*** Block opens ***

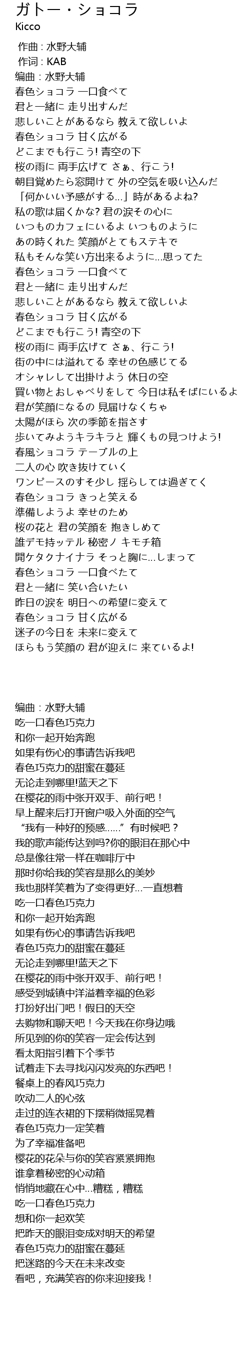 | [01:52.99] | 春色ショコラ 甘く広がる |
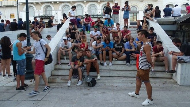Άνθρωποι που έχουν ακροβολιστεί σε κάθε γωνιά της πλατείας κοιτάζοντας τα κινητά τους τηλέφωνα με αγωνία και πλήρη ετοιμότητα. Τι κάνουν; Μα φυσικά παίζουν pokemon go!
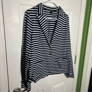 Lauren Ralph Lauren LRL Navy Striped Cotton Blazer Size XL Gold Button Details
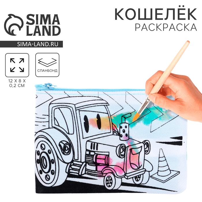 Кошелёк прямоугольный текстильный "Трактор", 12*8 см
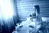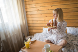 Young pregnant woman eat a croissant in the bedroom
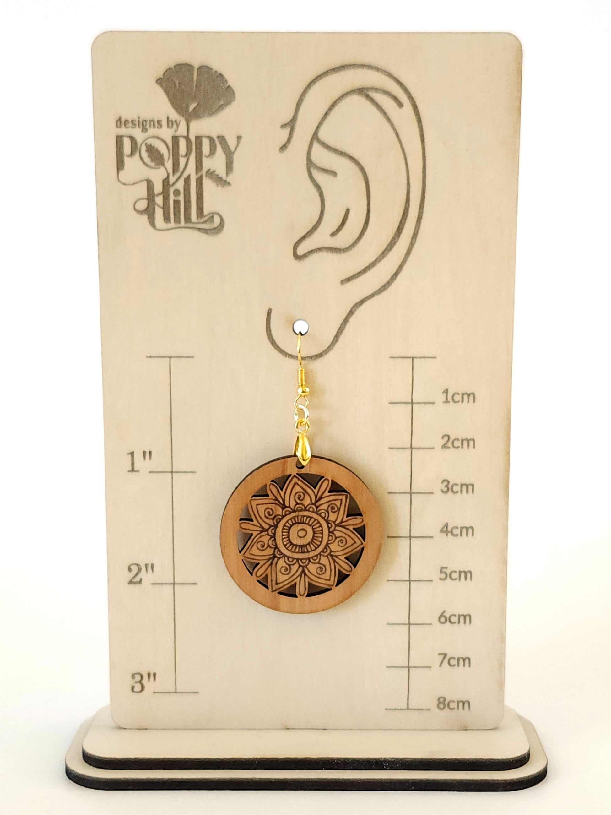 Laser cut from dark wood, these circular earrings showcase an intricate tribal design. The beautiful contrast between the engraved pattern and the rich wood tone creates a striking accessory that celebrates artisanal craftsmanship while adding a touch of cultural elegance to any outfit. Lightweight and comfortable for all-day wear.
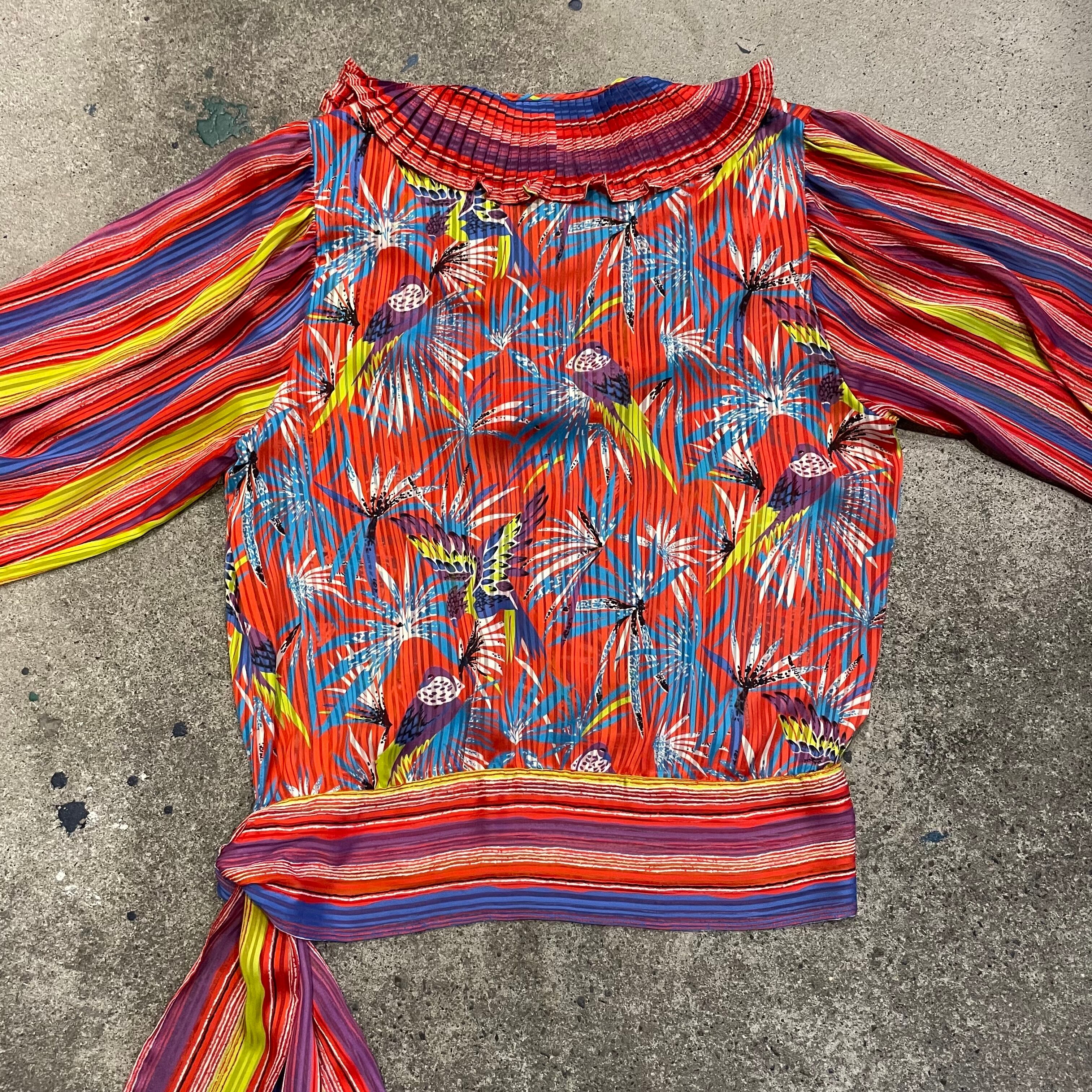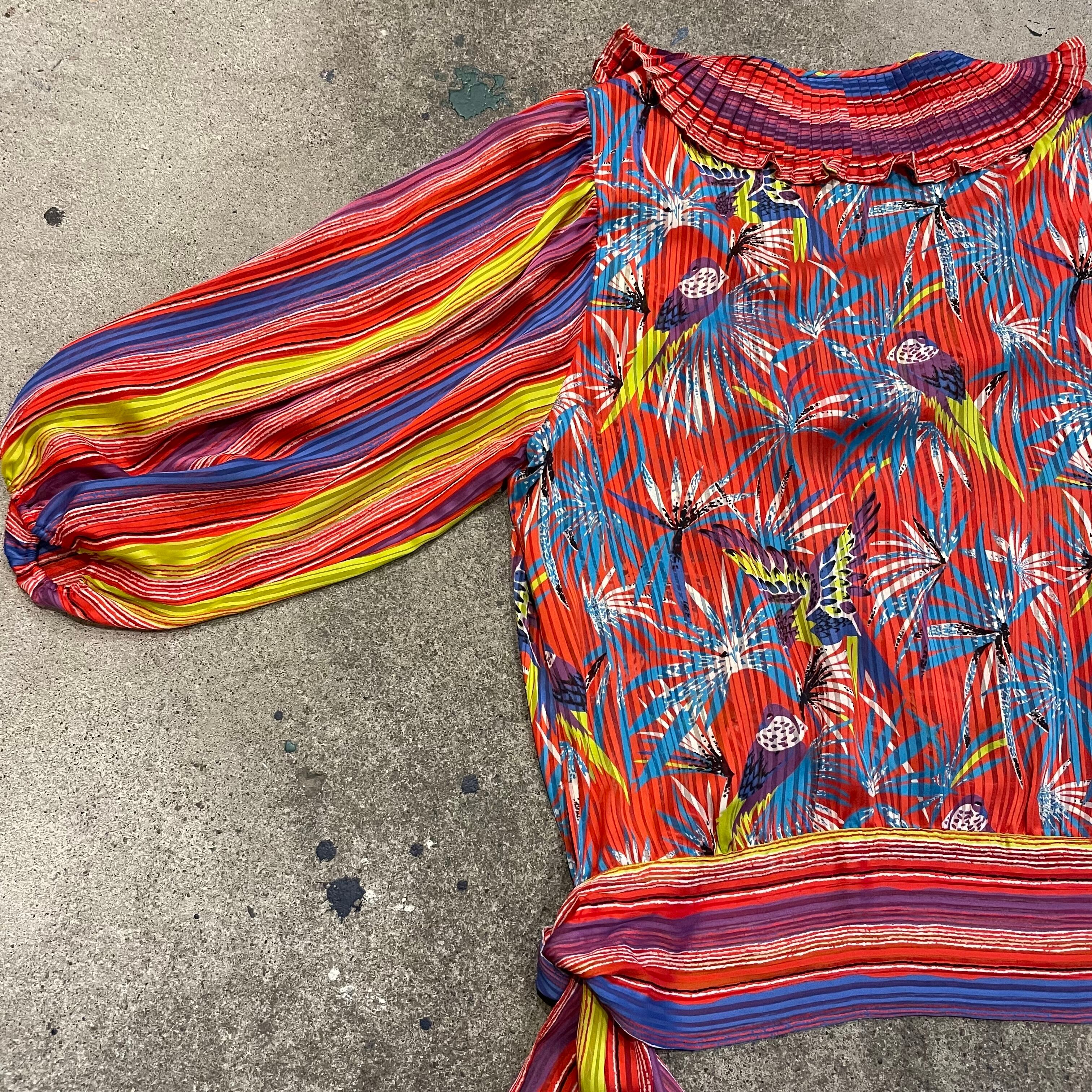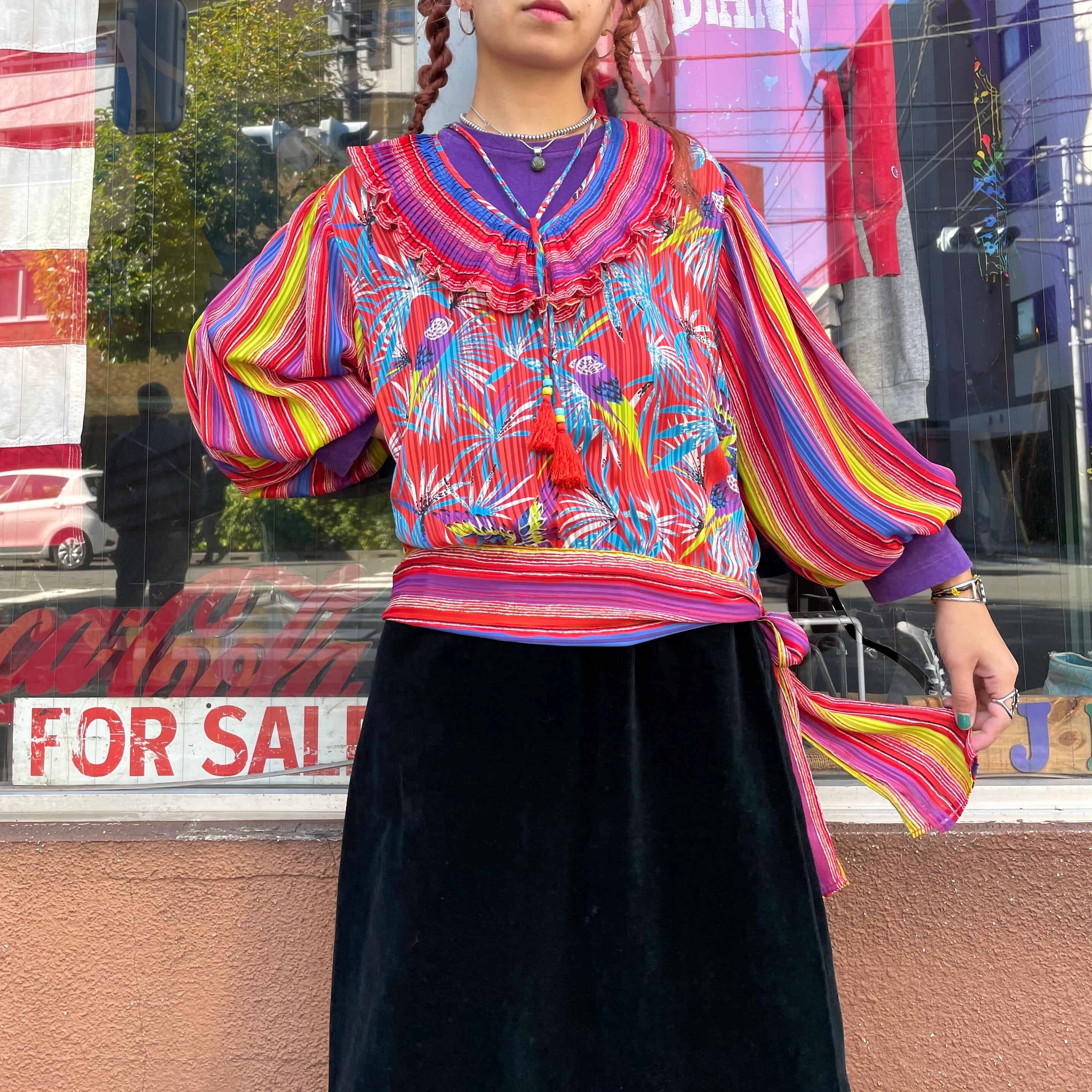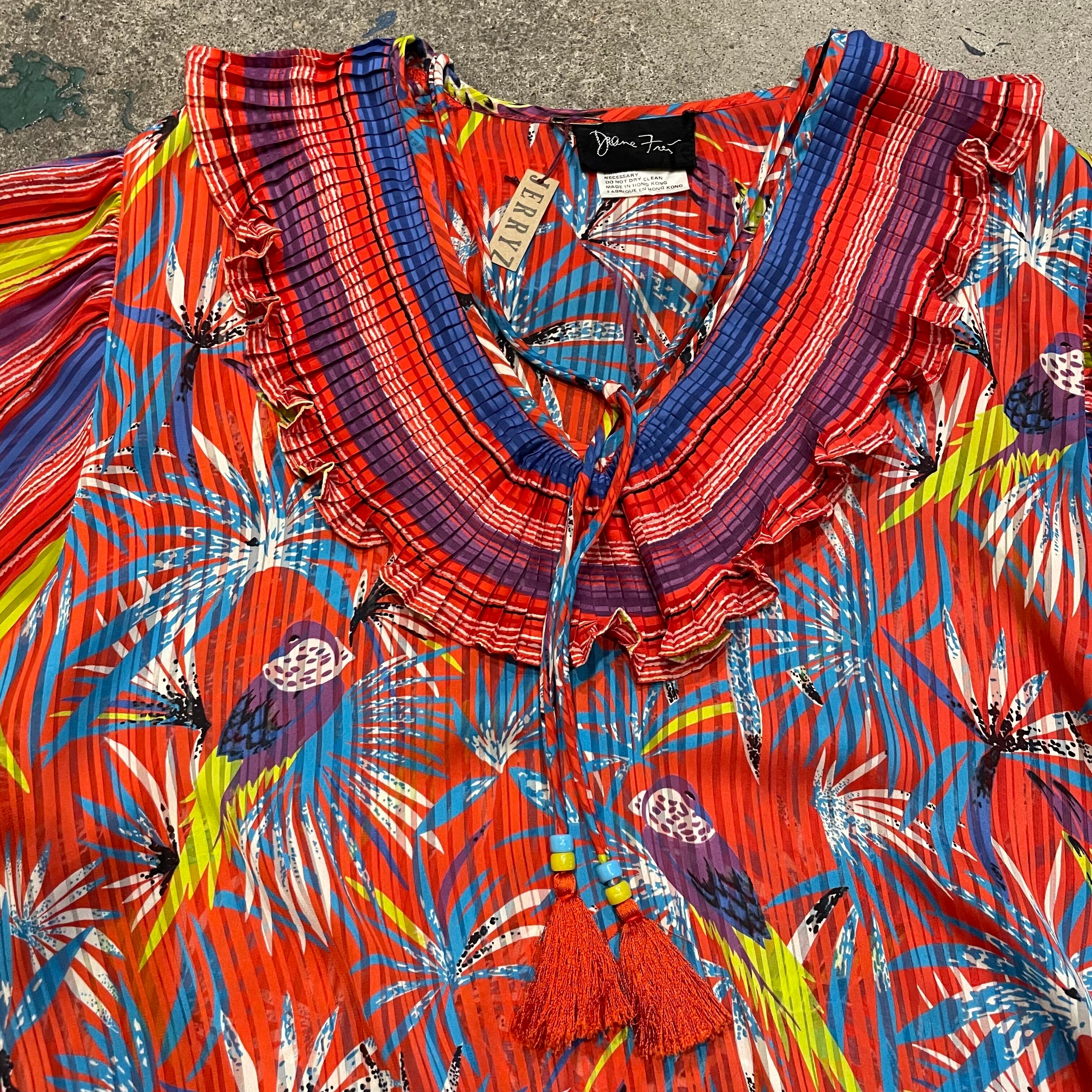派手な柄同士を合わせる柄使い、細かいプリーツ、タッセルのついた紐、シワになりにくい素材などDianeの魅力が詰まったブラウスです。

*** Block closes ***

### PROBLEM STATEMENT
Give the data again exactly as it appears, but without any images.

### ANSWER TO THE EXERCISE
 | [01:52.99] | 春色ショコラ 甘く広がる |
Άνθρωποι που έχουν ακροβολιστεί σε κάθε γωνιά της πλατείας κοιτάζοντας τα κινητά τους τηλέφωνα με αγωνία και πλήρη ετοιμότητα. Τι κάνουν; Μα φυσικά παίζουν pokemon go!
 Lauren Ralph Lauren LRL Navy Striped Cotton Blazer Size XL Gold Button Details
 Кошелёк прямоугольный текстильный "Трактор", 12*8 см
 Young pregnant woman eat a croissant in the bedroom
 Laser cut from dark wood, these circular earrings showcase an intricate tribal design. The beautiful contrast between the engraved pattern and the rich wood tone creates a striking accessory that celebrates artisanal craftsmanship while adding a touch of cultural elegance to any outfit. Lightweight and comfortable for all-day wear.
派手な柄同士を合わせる柄使い、細かいプリーツ、タッセルのついた紐、シワになりにくい素材などDianeの魅力が詰まったブラウスです。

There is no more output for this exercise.